In the last month alone, New York's special election for John McHugh's congressional seat has featured a coveted Sarah Palin Facebook endorsement, a less coveted Rush Limbaugh accusation of beastiality, a country music singer threatening to drop a house on Nancy Pelosi, and the crescendo of any out-of-control political opera: A candidate implosion.
And that's just on the Republican side of the equation.
When voters went to the polls from Plattsburgh to Owsego Tuesday, they saw three names on the ballot: Doug Hoffman, a CPA from Lake Placid running on the New York Conservative ticket (pictured, far left); Dede Scozzafava, a pro-choice, liberal Republican assemblywoman; and Bill Owens (pictured above right), an Air Force retiree and lawyer running as a Democrat.
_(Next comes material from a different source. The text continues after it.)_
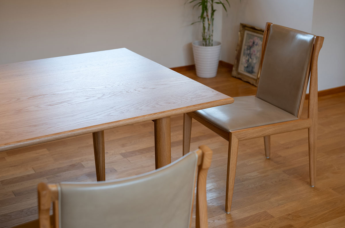 奥様:「ダイニングテーブルの買い替えのタイミングにはもう、Ritzwell以外は考えられなくなっていました。建て替える前に使っていた家具は、結婚当初に私の父が買ってくれたもので、全部手放したくない気持ちがありました。でも不具合が出た順番にお別れして、Ritzwellの家具に入れ替える形でお迎えすることになりました」。
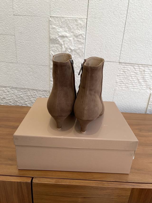 顶级版本: DDD Gianvito Rossi 25Ss 秋冬新款 尖头 内侧拉链 猫跟 及踝靴 短靴 DDD Gianvito Rossi经典尖头设计延伸视觉线条,悄然拉长腿部比例,同时修饰脚型,让双脚更显纤细修长;隐形侧拉链开合顺滑,穿脱便捷的同时,保持鞋面整体简洁流畅,不破坏风格完整性;恰到好处的中跟高度,通勤、约会等场景皆能轻松驾驭。沉稳大气的棕色系,适配秋冬大衣、西装裤的干练飒爽,也能为连衣裙、半裙增添轻熟韵味。无论是搭配直筒牛仔裤打造都市休闲风,还是配搭缎面长裙演绎法式浪漫,这双短靴都能成为

Of course, only Hoffman and Owens remain in the race after Scozzafava dropped out early Saturday.
But why would Scozzafava quit just three days before the election, when she had the Republican Party nomination in hand and endorsements from the likes John Boehner and Newt Gingrich?
Because even with those signs of early success, Scozzafava saw the handwriting on wall in a contest that had become a two-way battle between Owens and Hoffman and a proxy fight for the future of her own party.
Although she nabbed the Republican nod this summer, it came through a vote of 11 local GOP representatives, not a traditional primary contest that would have tested her positions on an increasingly restless conservative base, both in her district and around the country.
After eight long years of free spending and government-growing under George W. Bush, Scozzafava's Republican appointment served as a rallying cry nationally for conservatives about exactly what they think is wrong with the national party: Inside deals, squishy priorities, and Republicans In Name Only who do little in office to advance the first principles they champion.
While Owens welcomed staff, money and visibility from his party's establishment, including an appearance by Vice President Joe Biden on Monday, Scozzafava spent most of her time during the campaign fighting off increasingly angry attacks from the right.
Conservatives, including Dick Armey and Fred Thompson, campaigned against her and for Hoffman. The powerhouse Club for Growth endorsed Hoffman and poured barrels of cash into his campaign after he pledged never to ask for a congressional earmark. In contrast, his Republican predecessor McHugh boasted of bringing more than $100 million to Fort Drum, the district's crown jewel.
When she dropped out of the race Saturday, Scozzafava praised bipartisanship and decried the politics of personal destruction. Two days later, Rush Limbaugh called her "guilty of widespread beastiality."
"She has screwed every RINO in the country," Limbaugh said.
At a Hoffman rally in Watertown Monday, country singer John Rich called out House Speaker Nancy Pelosi. Rich told the crowd that voters would drop "a Hoffman house on her." He called Scozzafava "Dede Schizophrenic," and predicted, "Tomorrow, there's going to be a lot of conservative partying going on in this neck of the woods."
Will Rich be right?
Polls taken on the weekend of Scozzafava's announcement showed Hoffman beating Owens by five to 17 points, but it's hard to think that the Republican's chaotic exit from the race would not upend the poll results for the field she led as recently as six weeks ago.
The Tuesday results will give Republicans a sign not only of where their party is heading, at least in one congressional district, but also the direction they may want to take the party in the future. A Hoffman win would argue for back-to-basics conservatism, even in districts that went for Obama, as NY-23 did in 2008. But a win by the under-the-radar Democrat would poke a hole in the hot air trial balloon that the talk radio-and-tea party sent up for themselves with Hoffman inside.
By pulling McHugh out of his congressional seat, the Democratic president set in motion a series of events that gave conservative activists a testing ground for their messages and transformed a placid corner of New York into Ground Zero in the Battle for the Soul of the Republican Party.
Only time will tell if he helped himself or his opponents more by opening the field for the not-so-civil war.